Work to be completed: An exact copy of the records is required, minus the pictures they hold.

Items from a data source:
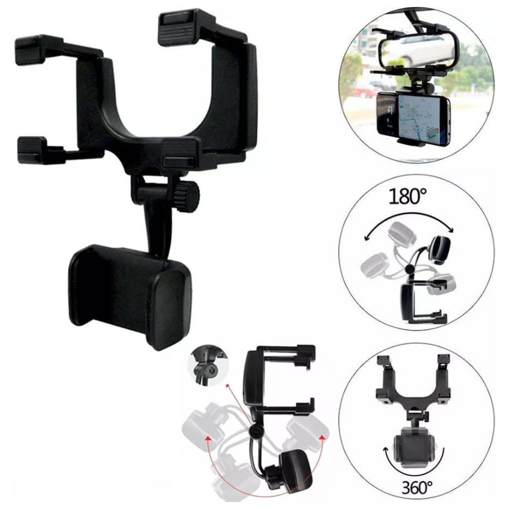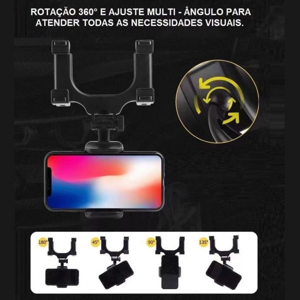 Suporte para Celular Smartphone com Apoio no Retrovisor Extensível Giro 360º
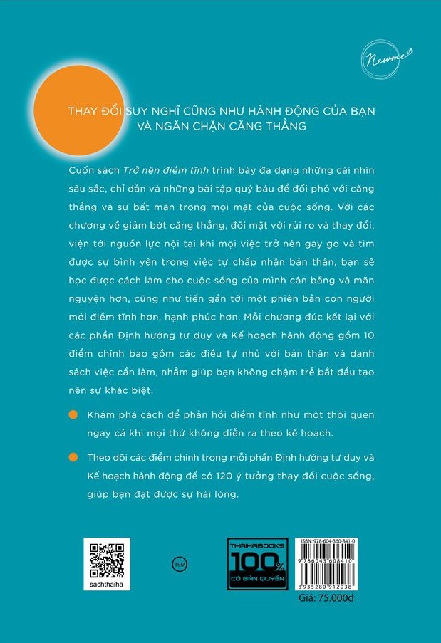 bản thân, bạn sẽ học được cách làm cho cuộc sống của mình cân bằng và mãn nguyện hơn, cũng như tiến gần tới một phiên bản con người mới điềm tĩnh hơn, hạnh phúc hơn. Mỗi chương đúc kết lại với các phần Định hướng tư duy và Kế hoạch hành động gồm 10 điểm chính bao gồm các điều tự nhủ với bản thân và danh sách việc cần làm, nhằm giúp bạn không chậm trễ bắt đầu tạo nên sự khác biệt.
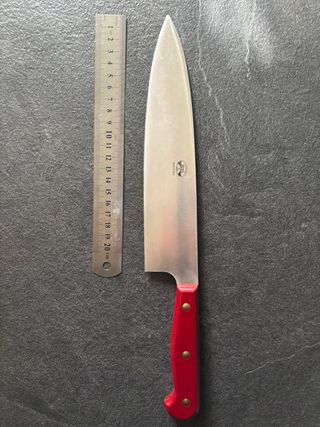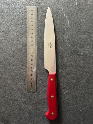 Set di coltelli Coltelleria Berti con manici rossi. - Set di 5 coltelli. Acqistabili anche singolarmente: -Il preciso trinciante 22,90 € -Il principe trinciante grande 25,90 € -Lo specialista per arrosto 23,90 € -Il fornaio 23,90 € -Tou orientale con fodero 34,90€
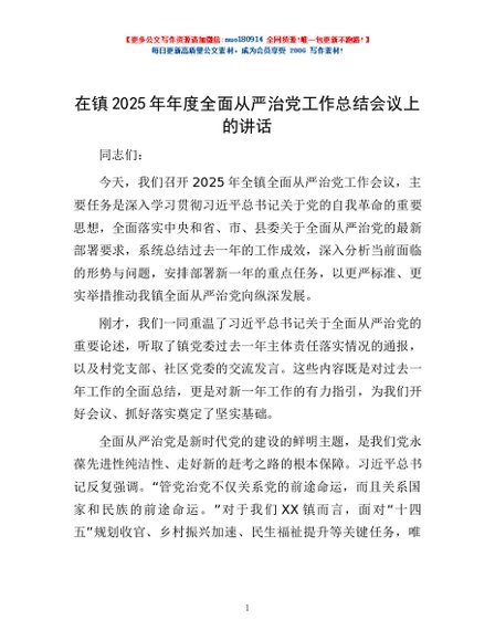 / 在镇2025年年度全面从严治党工作总结会议上的讲话
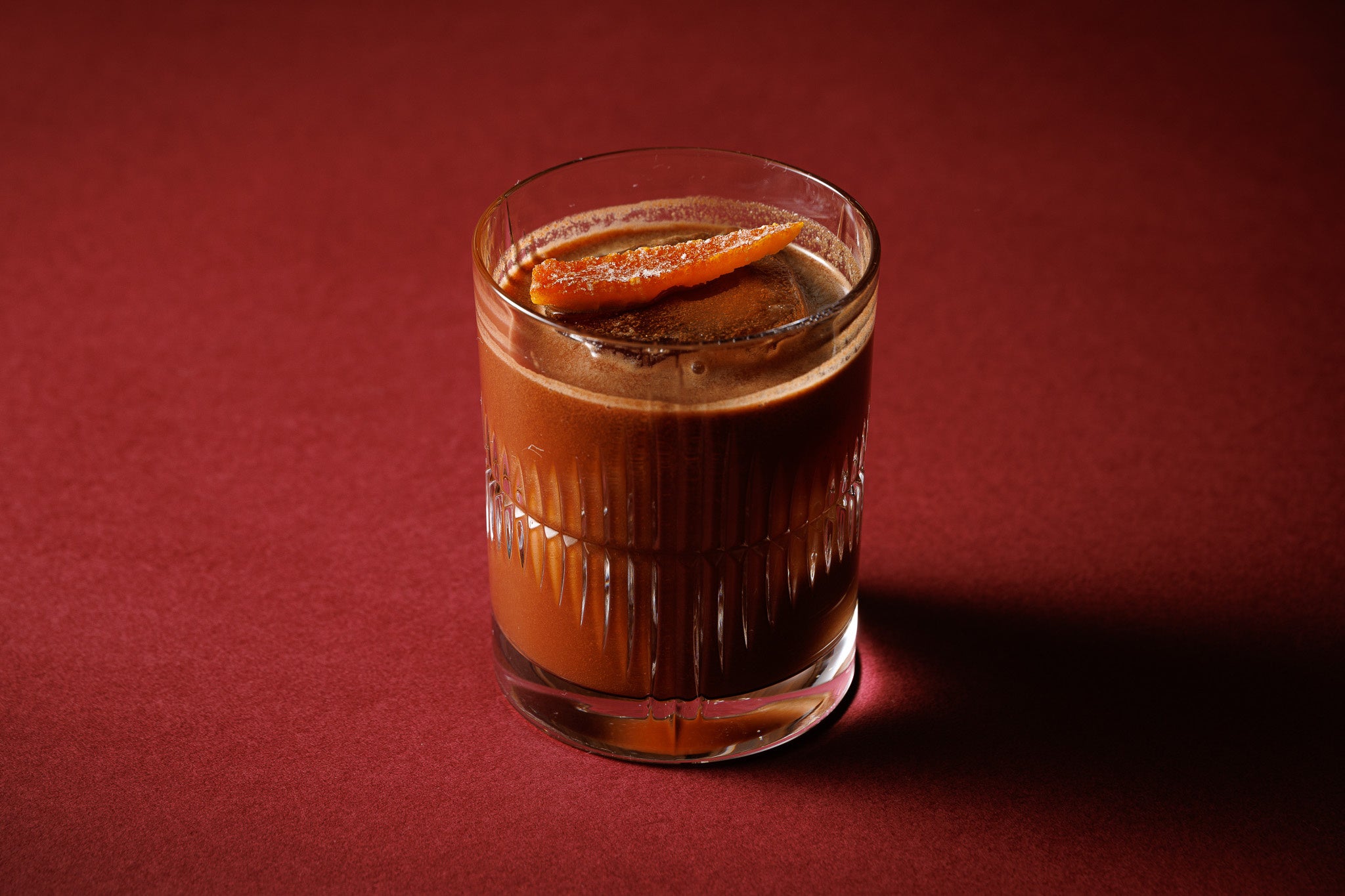 オランジェットを思わせる、バレンタイン限定のチョコレートカクテル。 チョコレートベースリキュールにハーブリキュールを重ね、オレンジジュースと ミルクチョコレートでなめらかに仕上げました。甘さの中に広がる爽やかな酸 味とほのかなビター感が、奥行きのある味わいを演出。仕上げに添えたオレン ジピーと共にお召し上がりください。

Worked solution:
 Suporte para Celular Smartphone com Apoio no Retrovisor Extensível Giro 360º
 bản thân, bạn sẽ học được cách làm cho cuộc sống của mình cân bằng và mãn nguyện hơn, cũng như tiến gần tới một phiên bản con người mới điềm tĩnh hơn, hạnh phúc hơn. Mỗi chương đúc kết lại với các phần Định hướng tư duy và Kế hoạch hành động gồm 10 điểm chính bao gồm các điều tự nhủ với bản thân và danh sách việc cần làm, nhằm giúp bạn không chậm trễ bắt đầu tạo nên sự khác biệt.
 Set di coltelli Coltelleria Berti con manici rossi. - Set di 5 coltelli. Acqistabili anche singolarmente: -Il preciso trinciante 22,90 € -Il principe trinciante grande 25,90 € -Lo specialista per arrosto 23,90 € -Il fornaio 23,90 € -Tou orientale con fodero 34,90€
 / 在镇2025年年度全面从严治党工作总结会议上的讲话
 オランジェットを思わせる、バレンタイン限定のチョコレートカクテル。 チョコレートベースリキュールにハーブリキュールを重ね、オレンジジュースと ミルクチョコレートでなめらかに仕上げました。甘さの中に広がる爽やかな酸 味とほのかなビター感が、奥行きのある味わいを演出。仕上げに添えたオレン ジピーと共にお召し上がりください。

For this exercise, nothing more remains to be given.